At noon I had to drive an hour across town to go to a church
meeting, which meant, of course, that it was snowing (for the 800th
time this winter). After sloshing along
for a while I got to the highway entrance, passing by a car that had smashed
into the barrier.
My directions said to get on Allegheny River Boulevard, a
road I had never driven on. There was now
enough snow on the road that all-us who were foolish enough to be driving in it
had to follow in the tracks of the car in front of us. No lines were visible on the roadway. I was in the right lane, but thought that it
was going to be an exit-only lane soon, so I got in the middle lane. There was one more lane to my left, and I
thought, maybe that lane is in a
better condition. I decided to change
lanes again, and then noticed that there was a car in that left lane, coming
straight toward me. Yikes!
I don’t know why I had assumed that the road was all one-way. This near-error made me feel grateful and
foolish all at the same time, and put me in me in an even lousier mood.

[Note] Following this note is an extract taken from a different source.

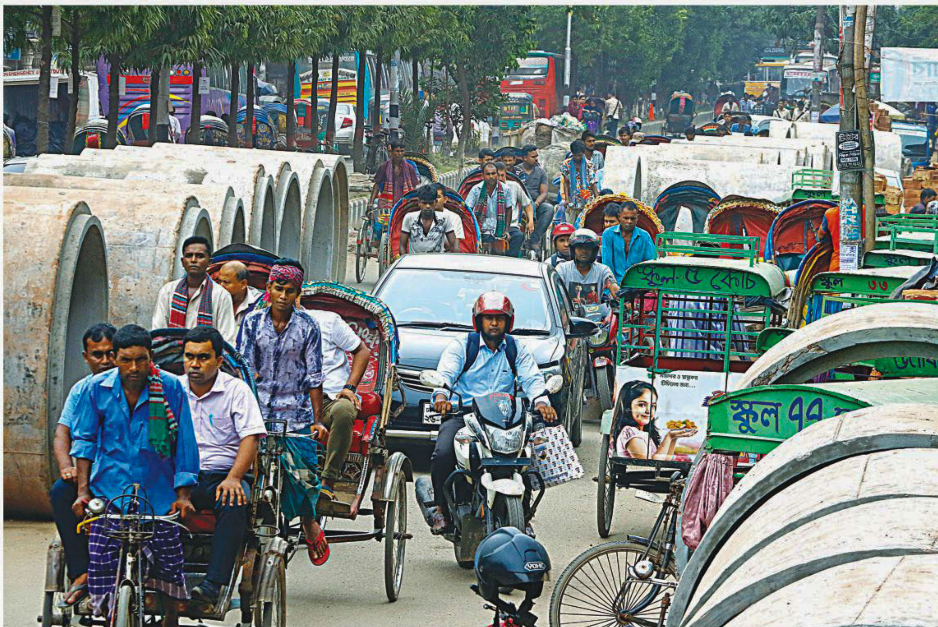
Stormwater drainage pipes have narrowed down this street in the capital's Motijheel, causing frequent traffic jams. Dhaka South City Corporation authorities kept them there around a week ago. The photo was taken yesterday. See City in Frame on page 16 for more.

Soon the road narrowed down to one lane. The traffic stopped. Why?
Because there was a big fat turkey crossing the road. I laughed out
loud, thinking that here is God, telling me I am just as silly as a
turkey.
I got to the meeting, worshiped, listened, prayed, voted, but
mostly just tried to stay awake. After
3.5 hours of meeting, I had to leave to pick up Youngest Daughter at school, an
hour’s drive away. Just as I was getting
lost on the drive back, YD texted me that the neighbor had showed up at school,
and was taking her home. Whew.
When I got home, I wearily opened the front door so I could
start my next task: shoveling the front walk (for the 800th time
this winter). That’s when I saw the next
miracle. The walk had already been shoveled!
My own teenager had done it!
Without being asked! That never
happens around here.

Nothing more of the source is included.